The answer would be K*max-flow.

Hi Kmhasan,
I don't understand the setence "can be chosen as the K th mission in some LIS", could you please give me an example of the constructed network? Thanks!

kmhasan · Post by **kmhasan** » Sun Sep 05, 2004 6:12 pm

I think my post lacked an illustration. If the following network fails to explain the idea, please let me know. I'd try to elaborate some more.

We can construct this network for the sequence:

Code: Select all

A = <7,5,1,15,13,8,16,10,9>

As you'd see, the length of the LIS is 3, and there is at most two such LIS that are disjoint. The flow shown in red highlights them.

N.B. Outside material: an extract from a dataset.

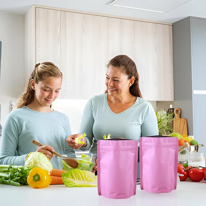 200 Pcs Mylar Bags for Food Storage 4x6 Smell Proof Bag Stand Up, Foil Resealable Bags for Food, Freeze Dried Candy Packaging Sealable Pouch Jewelry Bracelet Pouch for Small Business, Pink

.. · Post by .. » Sun Sep 05, 2004 6:26 pm

Thanks for your quick response and great picture

But I still have one question, is it that if the length of LIS = 4,
your network will have 2 layers of missions between the start layer and end layer? If no, how can you guarantee that every augmenting path will have length of LIS?

kmhasan · Post by **kmhasan** » Sun Sep 05, 2004 7:16 pm

That actually follows from our construction of the network. Our network is basically a multistage graph that you form for finding all possible LISs of a sequence. Before I start to make it more confusing, let me clarify through a picture:

We construct this multistage graph for the sequece:

Code: Select all

A = <6, 5, 2, 15, 7, 4, 10, 9, 8, 16, 14, 12, 11>

Now, we would only connect the source, s to the nodes of the final stage. And the sink, t will only be connected to the nodes of the first stage. For any augmenting path we know that it has to go from the source to the sink. Therefore, it is bound to go through the all the stages -- which actually ensures that we have a path length of LIS for each and every augmenting path. Agreed?

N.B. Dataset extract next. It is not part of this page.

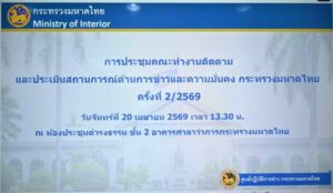วันนี้ (20 เม.ย. 69) เวลา 13.30 น. กระทรวงมหาดไทยโดยคณะทำงานติดตามและประเมินสถานการณ์ด้านการข่าวและความมั่นคง จัดประชุมคณะทำงานติดตามและประเมินสถานการณ์ด้านการข่าวและความมั่นคง กระทรวงมหาดไทย ครั้งที่ 2/2569 โดยมี นายวิรุฬห์ สิทธิวงศ์ รองอธิบดีกรมการปกครอง เป็นประธาน พร้อมกันนี้ มีคณะผู้บริหารสำนักงานปลัดกระทรวงมหาดไทยและผู้แทนส่วนราชการระดับกรมในสังกัดเข้าร่วม อาทิ นางสาวลัดดาวรรณ โชติมุณี ผู้อำนวยการศูนย์ปฏิบัติการข่าวกระทรวงมหาดไทย นางบุณฑริก หิรัญบูรณะ ผู้เชี่ยวชาญเฉพาะด้านนโยบายและยุทธศาสตร์ สำนักนโยบายและแผน สำนักงานปลัดกระทรวงมหาดไทย พร้อมผู้แทนกรมการปกครอง ผู้แทนศูนย์อำนวยการบรรเทาสาธารณภัย กรมป้องกันและบรรเทาสาธารณภัย เข้าร่วมประชุม ณ ห้องประชุมดำรงธรรม ชั้น 2 อาคารศาลาว่าการกระทรวงมหาดไทย

.. · Post by .. » Mon Sep 06, 2004 6:39 pm

Agree

So, before constructing the network, you have to use the LIS algorithm
to decide putting each mission at which stage, right?

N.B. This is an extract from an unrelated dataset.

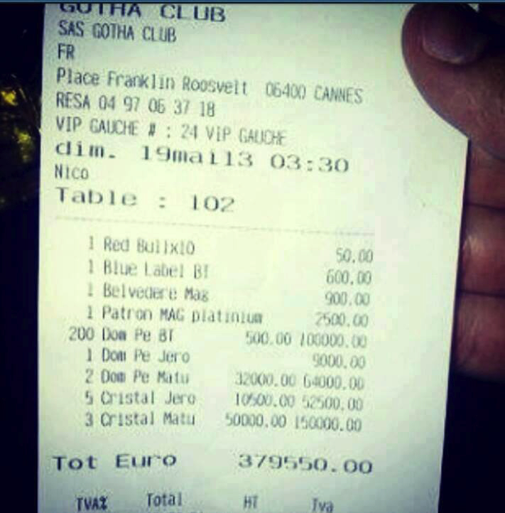 Samedi c’est au Gotha Club ( concurrent du VIP pendant cette quinzaine ) que tout s’est emballé. Dans un tourbillon de Champagne Dom Pérignon et Crystal, Magnum, Jéroboam , certains records de dépenses ont étaient approchés. La clientèle étrangère, venue en masse cette année encore, a largement fait flamber les ventes, comme en témoigne une facture diffusée sur le net où un amateur de grande fête a réglé pour 379550 euros de boissons.

kmhasan · Post by **kmhasan** » Mon Sep 06, 2004 7:18 pm

Right.

Khaled_912 · Post by **Khaled_912** » Wed Aug 23, 2006 4:01 am

kmhasan wrote: From the 1st vertex connect using a unit edge to the 2nd vertex of the missions that appear before this mission and are easier than the one at hand.

Well, this seems not to be correct. Let h be the length of the maximum sequence of missions ending with 'i'. In this case, 2nd vertex of mission 'j' is connected to the first vertex of mission 'i' iff h = h[j] + 1 (which also implies that difficulty > difficulty[j]).